COMOL MENGANGKAT LENTERANYA MEMANDANG KE LAUT. BEBERAPA


LAMA KEMUDIAN TAMPAK PANIEKA MENDEKAT DENGAN SAMPAN

COMOL:
Benar Panieka, Kapten. Dia membawa seorang perempuan. Lihatlah
(Kapten menyalakan sebuah cerutu lagi)

SUARA:
(sudah dekat sekali) Selamat malam, Kapten.

COMOL:
Siapa yang kaubawa itu?

SUARA:
Seorang perempuan.

COMOL:
Aku tahu, tapi siapa dia?

SUARA:

37
Aku sudah melarikannya tiga hari yang lalu.
COMOL:
Busyet. Bagaimana kau melarikannya?

COMOL MEMPERHATIKAN PANIEKA MENCARI TEMPAT MENDEKATKAN


SAMPANNYA. IA MENYUSURI TEPI KAPAL MENGIKUTI GERAK SAMPAN
PANIEKA.

COMOL:
Bagaimana kau melarikannya, Panieka? Tidakkah berbahaya? Kau berani
sekali. Tetapi kau tidak mabok bukan? Kapten tidak senang kalau kau
membawa tuak ke kapal. (kepada Kapten) Kapten, bagaimana? Kita akan
membiarkan dia naik. Dia membawa seorang perempuan.

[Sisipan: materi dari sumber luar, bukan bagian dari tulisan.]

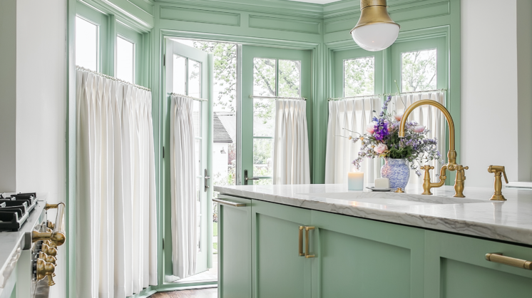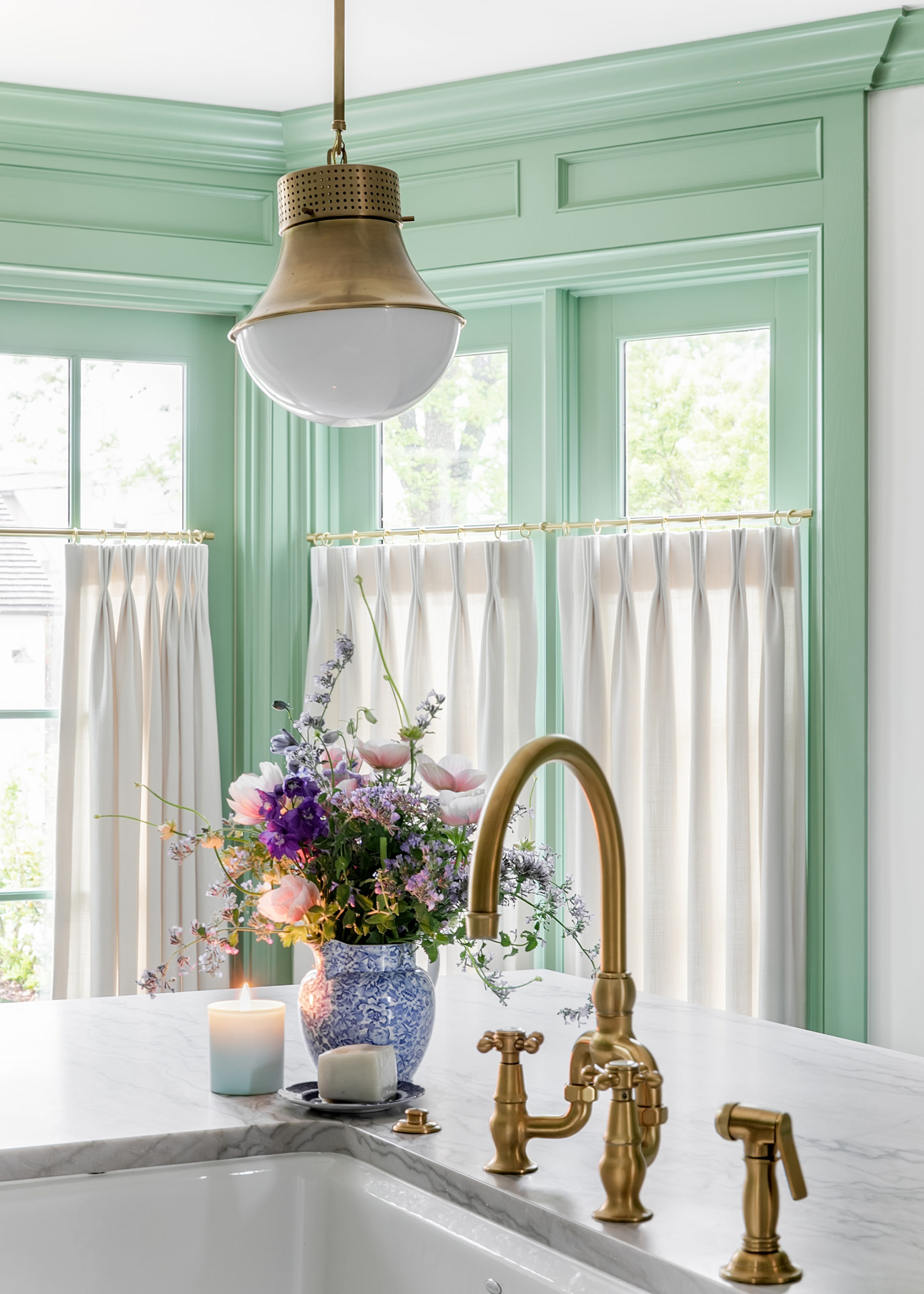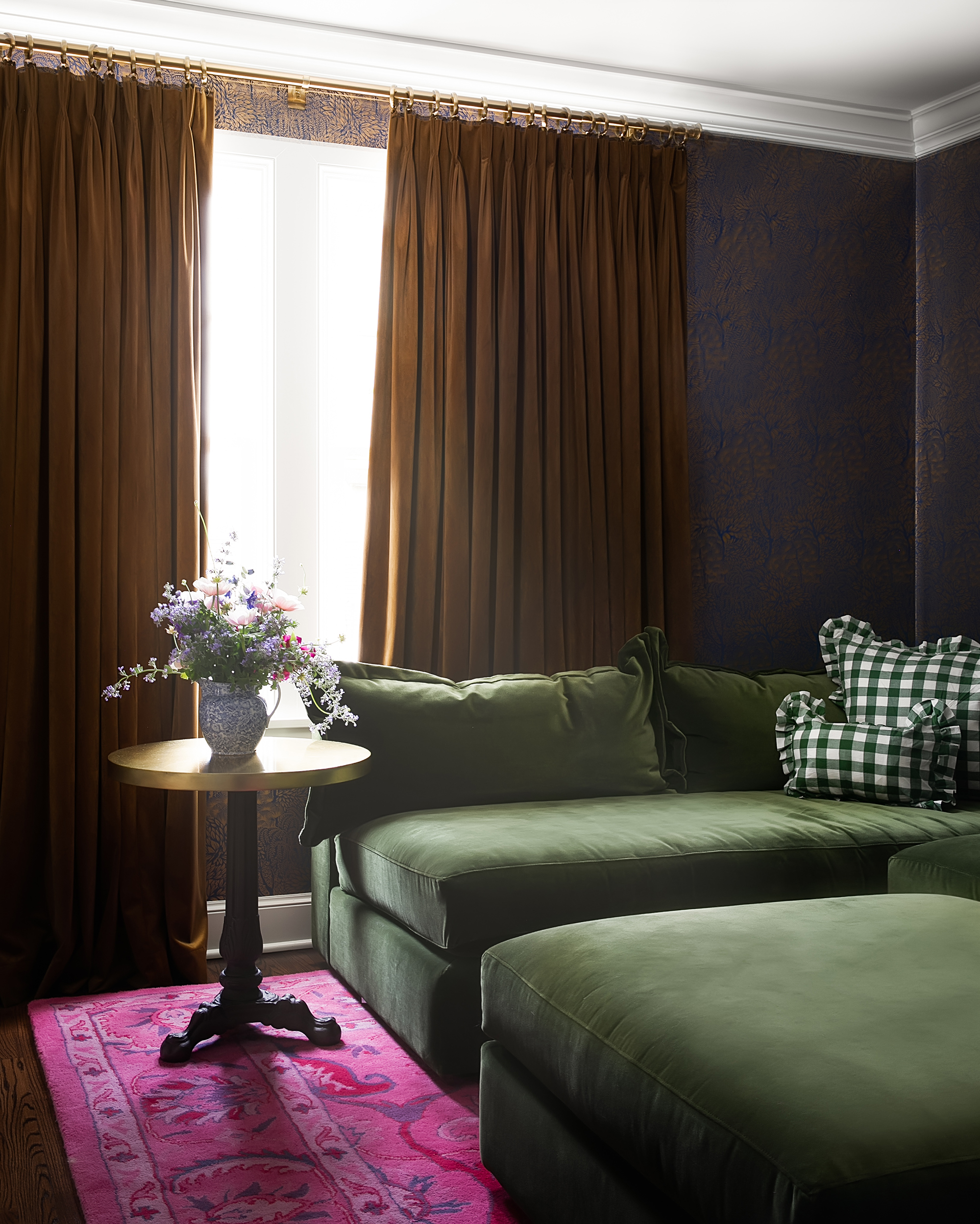 “Her style is so special,” Miller said about Keri Bradford. “She’s feminine, very sweet, but then so fearless and bold at the same time. So you see the dining room that has the chintzy floral from Schumacher that’s so pretty, but then you go back to the Cole and Son [Miami pattern] in the kitchen, and there’s your punch factor. It all flows so well together, too.”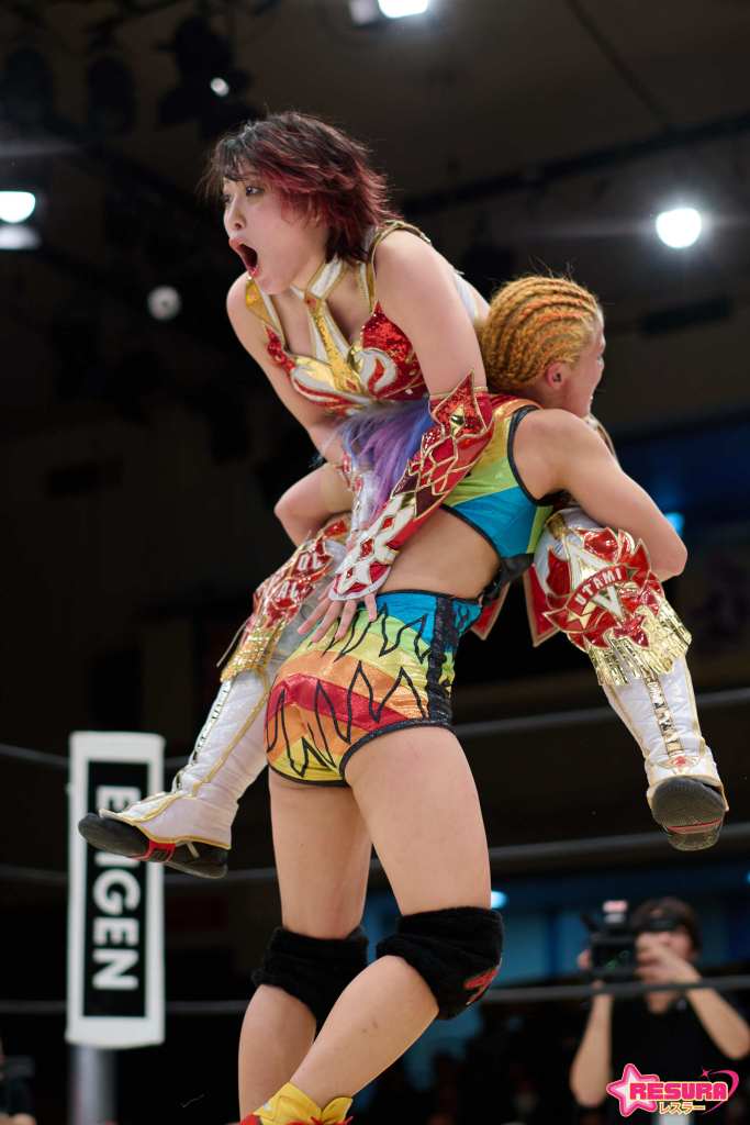 That was the story of the entire match, it was a continuous back and forth as neither would quit. For example, MIRAI hit a backdrop off the top, and Bozilla appeared to be in trouble, but she got an armbar, and MIRAI quickly answered back with an armbar of her own. Bozilla tried to put MIRAI through the mat with a monstrous powerbomb for the three count.

KAPTEN TIDAK MENJAWAB, SIBUK DENGAN CERUTUNYA MEMANDANG KE


LAUT. COMOL JADI KEBINGUNGAN

COMOL:
Ah, tak tahulah saya. Ada-ada saja yang terjadi. Di sebelah kiri itu, Panieka.
Hati-hati tangganya tidak begitu kuat. Ingat, seorang perempuan, Kapten.
Panieka biasanya pintar memilih yang baik-baik. Seleranya bagus.

PANIEKA MUNCUL

PANIEKA:
Sudah hampir rusak temali tangganya.

COMOL:
(tak acuh) Ya (mengangkat lenteranya menerangi wajah Panieka), agak
kurus kau sekarang. Kurang makan bukan?

COMOL:
Selamat malam, Kapten.

38
COMOL:
Mana perempuan itu?

PANIEKA:
Kutinggalkan di bawah. Akan kubawa naik kalau Kapten mengizinkannya.

COMOL:
Tanyalah sendiri.

PANIEKA:
Aku harus ditolong, Mol.

COMOL:
Aku takkan menjawab. Itu bagian Kapten.

PANIEKA:
Aku memerlukan tempat persembunyian untuk menunggu marah mereka.
Di sini melarikan anak perempuan itu biasa, Mol.

COMOL:
Ya, aku pernah mendengar juga. Tapi kalau Kapten diam saja, artinya aku
juga tidak boleh berbicara. Jangan berbicara denganku dulu. Selesaikan
saja urusanmu dengan Kapten.

PANIEKA:
Kapten rupanya marah kepadaku.

COMOL:
Aku tak boleh berbicara? Aku ingin melihat perempuan yang sudah
memikatmu itu.

PANIEKA:

39
Jangan.
COMOL:
Cuma melihat dari jauh saja.

PANIEKA:
Tidak, jangan.

COMOL:
Perempuan apa dia tidak boleh dilihat?

PANIEKA:
Jangan.

COMOL:
Nanti kukatakan padamu apakah dia baik atau tidak.

PANIEKA:
Tidak perlu lagi sekarang, jangan.

KAPTEN:
(tetap memandang ke laut) Kau dengar katanya, jangan.

COMOL:
Saya tidak akan berbuat apa-apa.

KAPTEN:
Kau dengar katanya?

COMOL:
Tetapi saya hanya ingin melihat, Kapten. Tidak bolehkah perempuan itu
dilihat? Saya cuma ingin melihat warna kerudungnya, biru atau cokelat,
tadi kurang terang.

40
KAPTEN:
Aku bertanya untuk yang terakhir, kaudengar katanya?

COMOL:
(dengan kecewa) Baiklah, nanti saya akan melihatnya juga.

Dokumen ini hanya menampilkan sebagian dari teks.